One important aspect of the cascaded VCOs is the relatively constant output swing. Fig. 8 shows the output waveform of the two VCOs injection-locked to a PRBS of  $2^7 - 1$ . VCO<sub>2</sub> oscillates with almost uniform magnitude, since VCO<sub>1</sub> swings during long runs. As compared with the single VCO [4] and the gated VCO [1] structures which may suffer from significant clock fluctuations, this design stabilizes the sampling in the flipflop and improves the signal integrity.

## B. Variable Delay Buffer, XOR Gate, and Flipflop

The 20-Gb/s operation speed necessitates CML designs all over the place. Fig. 9 depicts the variable delay buffer design. Eight identical differential pairs are cascaded in series to provide the 25-ps delay. One of the 8 phases is manually selected by means of the 8-to-1 MUX and is sent to the flipflop. A singleended swing of 500 mV is employed as logic level in each block,

 $^4 The output swing of the XOR gate is about 150 mV whereas that of VCO <math display="inline">_1$  is 750 mV.



Fig. 8. Simulated output waveforms of (a)  $VCO_1$ , (b)  $VCO_2$ .



Fig. 9. Variable delay buffer.

and complementary [8] technique is incorporated in the XOR gate. Meanwhile, on-chip inductors are added in these circuits to extend the bandwidth without sacrificing voltage swing or increasing power consumption. The inductors are implemented as 3-layer stacked spirals [10] to facilitate the routing in layout. Here, a 0.5-nH inductor occupies only  $14 \times 14 \ \mu m^2$ .

#### C. Unity Gain Buffer

The unity gain buffer isolates the two control voltages to allow more flexibility on design. A tunable offset compensator is required here because (1) mismatch may exist between VCO<sub>1,2</sub> and VCO<sub>3</sub>; (2) gain error and intrinsic offset of the opamp itself need to be balanced. In other words, an adjustable offset is required to provide finite difference between  $V_{\rm ctrl}$  and  $V_{\rm ctrl}^{\prime}$ .

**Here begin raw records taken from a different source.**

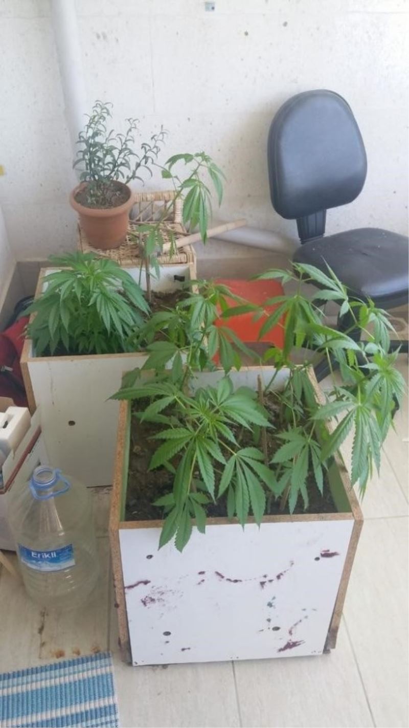 Ürgüp İlçe Emniyet Müdürlüğü ekipleri tarafından yapılan çalışmalar sonrada bir evin balkonunda saksılara ekilmiş Hint keneviri ele geçirildi.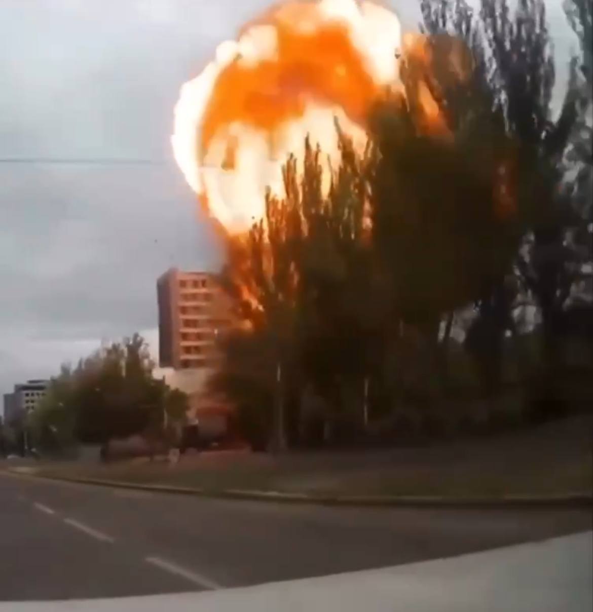 В сети появились кадры, зафиксировавшие момент мощного удара по Донецку 29 мая. Взрыв произошел в здании на Киевском проспекте, которое до 2014 года служило местом расположения института "Донбассцивилпроект".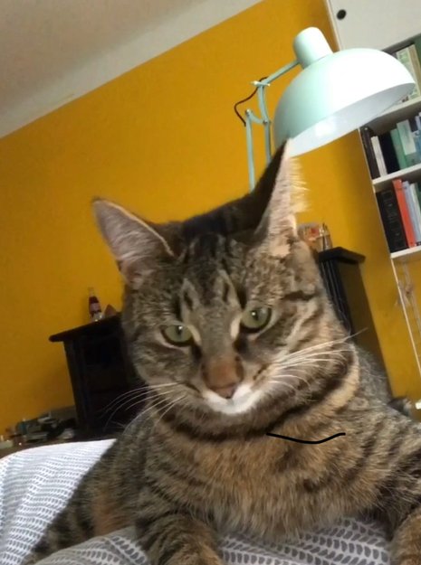Tigerstripet brungrå svart pels, og mer beige lys på magen, ganske varm i tonen. Hun er litt hvit rundt snuten. Halen hennes er litt rar der den noen ganger peker rett frem isteden for bare opp.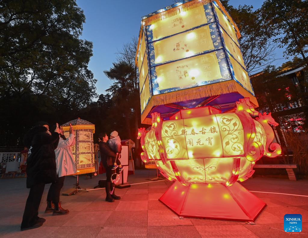 Tourists view lanterns at Aoshan Lantern Festival in Xincheng ancient town of Xiuzhou District in Jiaxing, east China's Zhejiang Province, Jan. 29, 2023. The Aoshan Lantern Festival, which has a history of hundreds of years, kicked off here on Sunday. (Xinhua/Xu Yu)

The unity gain buffer is illustrated in Fig. 10(a). Here, we employ a two-stage opamp structure with source degeneration  $(R_1)$  and tunable tail currents  $(I_{SSA} \text{ and } I_{SSB})$  in the first stage. The ratio of these two current sources can be manually adjusted to provide an artificial offset between  $V_{in}$  ( $V_{ctrl}$ ) and  $V_{out}$  ( $V'_{ctrl}$ ).  $I_{SSA}$  and  $I_{SSB}$  are nominally equivalent, and they are tuned with a constant total amount of 200  $\mu$ A. For a ratio of 1:4 (i.e., 40  $\mu$ A:160  $\mu$ A), the buffer can provide an offset of  $\pm 15$  mV between the input and the output. A compensation capacitor  $C_1$  (= 10 pF) together with zero-removing resistor  $R_2$  (= 1.1 k $\Omega$ ) are placed between the two stages to ensure stability. Fig. 10(b) depicts the Bode Plot of the open-loop opamp, revealing a dc gain of 56 dB and phase margin of 80°. Note that no common-mode feedback is needed in this design. The closed-loop bandwidth is around 65 MHz. Since the opamp operates at near-dc frequency (control voltage drifting due to temperature variation is very slow), the bandwidth is more than adequate here. The single-ended output inevitably suffers from supply fluctuation issue. A large bypass capacitor is added on chip to minimize this effect.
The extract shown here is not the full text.